Chenca es cigarro en Guatemala y
esa puta tenía la cabeza demasiado delgada, como un filtro de Ducados o
cigarros Payasos. Una señora que mi madre trataba de rehabilitar y llegaba los
martes a la casa para hablar de las cosas que le pasaban en la vida y tenía la
cabeza, (eso), como los cigarros que fumaba mi abuela. La chica dejaba siempre
un olor a loción, una de esas lociones
que vienen en bote plástico en formatos de 600 ml con aromas demasiado
dulzones, como rosas con azúcar o té de canela o ambientadores para carro. Tenía
las uñas largas, el pelo recogido en una goma verde y las raíces capilares arriba
de la frente. Se teñía la cabeza de rubio, la puta con cabeza de chenca, y
fumaba Pall Mall y se miraba en el reflejo del espejo enorme de la sala y yo
pensaba que cada vez que lo hacía corría los dedos un poco más hacia arriba del
filtro. Entonces llegaba mi madre disculpándose por tener que atender una
llamada y la puta se aplastaba el fleco con la mano y dejaba de verse en el
espejo con un movimiento brusco, como si le diera pánico que la vieran
mirándose en el espejo, y decía “no te preocupes, Marianita, no has tardado
nada”. Mi madre podía olvidarse del té y se excusaba con un
ademán de “qué tonta que soy” que hacía poniendo la palma de la mano en la
frente y tardaba un momentito más para volver con las dos tazas y entonces sí,
empezar a platicar.
Escuché una vez que la puta le
contaba de este cliente que la había obligado a sentarse sobre una palanca de velocidades
y que había sido doloroso y que encima el muy cerdo la había tomado de los
hombros para bajarla con su peso. El motor del carro estaba encendido, dijo, y
era desagradable la sensación de engranajes, tornillos y piezas mecánicas allí
abajo. Peor aún cuando se iba para adelante (o para atrás) y sonaba la caja de
cambios quemándose por la falta de embrague y producía un sonido que le hacía
pensar en dientes mordiendo una acera o desplazándose sobre planchas de
hormigón. Mi madre la escuchaba todo el
tiempo del mundo, trataba de aconsejarla usando los mismos consejos de siempre
aunque tratando de cambiar las palabras por otras que significaran lo mismo.
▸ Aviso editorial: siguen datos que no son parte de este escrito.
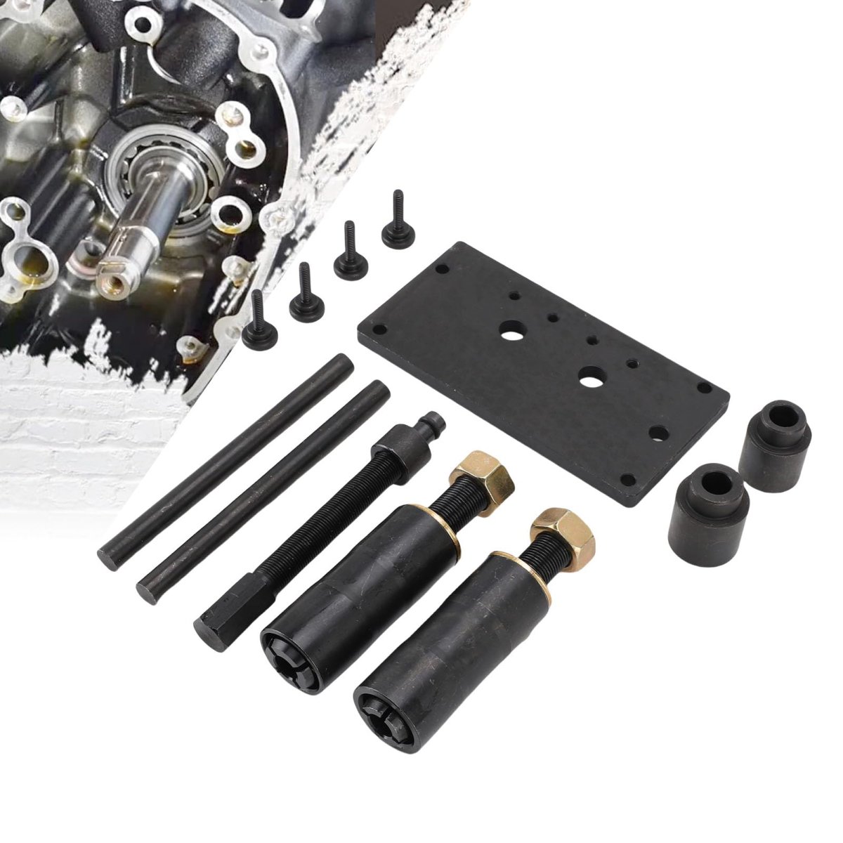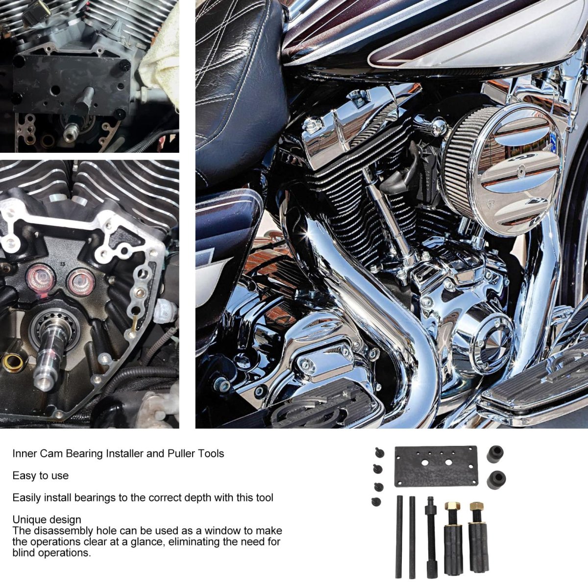 [Enhanced Visibility] A disassembly hole provides clear visibility during operations, eliminating blind manipulation for precision work.. [Complete Tool Kit] The kit includes 12 pieces such as a cam bearing plate, installer tools, and puller tools, offering a professional and dependable experience.. [Precise Bearing Installation] Install bearings to the correct depth with the bearing installer, while the bearing puller easily removes old bearings for efficient maintenance.. [Specifically Designed for Twin Cam ] This inner cam bearing installer puller ensures easy installation and removal of bearings for 88 93 96 103 110 twin cam .. [Robust Steel Construction] Made of durable steel, this tool set is to deformation and cracking for long-lasting use..Other fine products

-Y la otra vez, Marianita,-le dijo a mi madre-, llamaron estos niños que
vieron mi nombre en la guía telefónica para preguntar qué servicios ofrecía. Y
los escuchaba reírse, Marianita, en el teléfono a los muy bandidos.-
-Gente insensible –decía mi madre, y yo podía imaginar la cara de
repugnancia que tendría puesta, su cabeza haciendo movimientos reiterados de
“no”.
-Sí, Marianita. Pero ya sabes que no puedes hacerle el feo a nadie, las
cosas son así. Tengo que ganarme la vida, es lo que hago. Y los niños me dieron
una dirección ¿sabes? y me puse el abrigo y llamé a un taxi. Resultó ser,
Marianita, que era la casa de un vecino cualquiera y ya estaba cerca de tocar
el timbre cuando me gritaron del otro lado de la acera para decirme que no lo
hiciera, que fuera hacia donde estaban ellos. Tenían doce o trece años, los
niños, Marianita. Me habían dado la dirección del vecino para no dejar
constancia en el teléfono.
-No me digas, y para que nadie viera el taxi detenerse frente a su casa. ¿Y
qué hiciste?-
-Claro. Ya había pagado el taxi, Marianita, así que entré en su casa. Me
llevaron hasta la sala. Estaban muy asustados, los niños, pálidos y no podían
hablar, me señalaban las cosas, Marianita: un sillón, un vaso con cerveza, un
cenicero, un bowl con frituras. Lo tenían todo preparado–.
Las dos se callaron un rato. La
puta, supongo, tomaba un trago de té antes de seguir.
-Hubo un momento en que uno de los dos se acercó al estéreo de la sala y
puso una canción que decía “culi suelta, culi suelta” muchas veces seguidas, de
esas de reggaetón, Marianita, que son súper vulgares. Y los dos se acercaron,
parecía que lo hubiesen ensayado antes y empezaron a bailarme pegado. Eran muy
pequeños, Marianita, me llegaban al hombro y los dos empezaban a soltarse con
la música y entrelazaban las manos detrás de la nuca y se acercaban con
saltitos para restregarme sus pantalones.
-¿Y tú?
-Yo bailaba, Marianita, qué otra opción tenía. Iban a pagarme.
-O sea que te llamaron para bailar. –dijo mi madre, como aliviada.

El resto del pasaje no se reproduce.